A friend of mine came over to vent.I realized she didn't need someone to give her advice. She needed someone to just sit there and listen. Try to understand her, and just be there for her. I thought of times in my life, when I needed someone to just listen to me. Often times when i was frustrated, I just needed to vent. I tried to give my friend advice, and I realized she just needed me to listen. During times when i was sad, lonely, needing something  more, having my friend there to talk to and give me their complete attention was all I needed. Someone to just smile and say "I am sorry, I understand". Someone to let you cry on their shoulder. Someone to cry with you. Someone to laugh with you. Someone to be your friend. Someone to make you feel like you aren't alone.

There is a innate feeling that we must be loved, feel like someone else cares, that someone else on the planet understands us. It dosen't matter if it is a loving grandpa, a understanding mother, a brother who likes to tease yet still loves you, a roomate, a cousin, a best friend, a boyfriend, a teacher. Just someone in the world who cares about you. Everyone has this innate feeling, you can't stop yourself from wanting to feel love. It is a natural need that we all strive for.
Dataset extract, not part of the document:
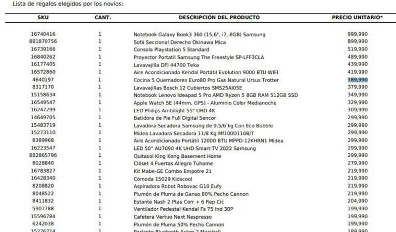 Además, según información de Publimetro, los tortolitos tienen una la larga lista de regalos publicada el 13 de noviembre, y que pueden hacerles sus invitados. Se trata de más de cien artículos disponibles a través de una conocida casa comercial, y los precios comienzan en $24.990 y llegan al millón de pesos.
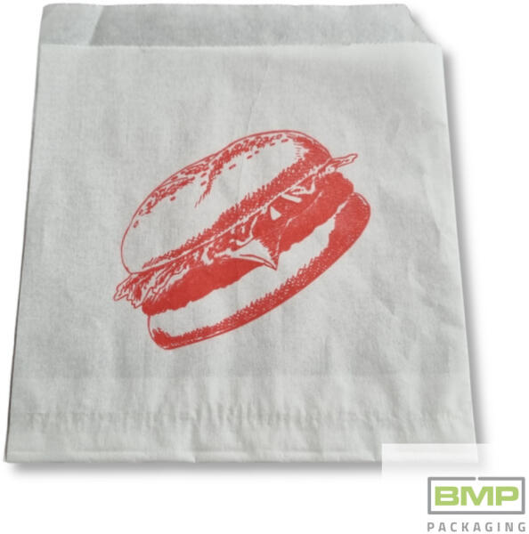 Zsírálló papírtasak hamburger, gyros, kebap és egyéb hasonló gyorsételek felszolgálásához. Méret: 150 x 170 mm Egy doboz 6000 db tasakot tartalmaz. Az általános grafika mellett akár egyedi nyomattal is rendelhető! Ilyen esetben kérd ajánlatunkat!

These two ideas connect by people fulfilling the need to be loved by having a friend who listens. Lately, I have  been the person who has been seeking for someone to listen to me. I have felt selfish by always wanting someone to understand me. I have needed people to drop everything to listen to my problems. Today I had a opportunity to have it reverse. It was nice to forget about myself and listen to someone's problems. As I was able to to listen to my friend's problems, It was nice to think about this idea that everyone must be loved, and need someone to listen to them. I was able to help her after my being selfish and requiring people to listen to my problems. It was nice to give back to someone who needed help. These are my thoughts, we need to listen more. There are lots of people who are holding in their emotions, they need to let them out to a friend. Next time when a friend comes to you and just wants to talk,try this. Instead of doing the usual; hearing them, giving them quick insincere advice, actually listen. Actively listen. Give them your full attention. Put yourself in their shoes. Try to emphasize with their problems. After they have listened, watch their response. Are they happy that someone listened? Once you have given them your full attention, and they want advice. Offer advice to them. But listen to others, and try to understand what they need. Do they need a hug? Do they a need a shoulder to cry on? Do they need advice? Evaluate this, and your friends will go up, as people recognize you have developed the gift of listening. For surely, it is a gift.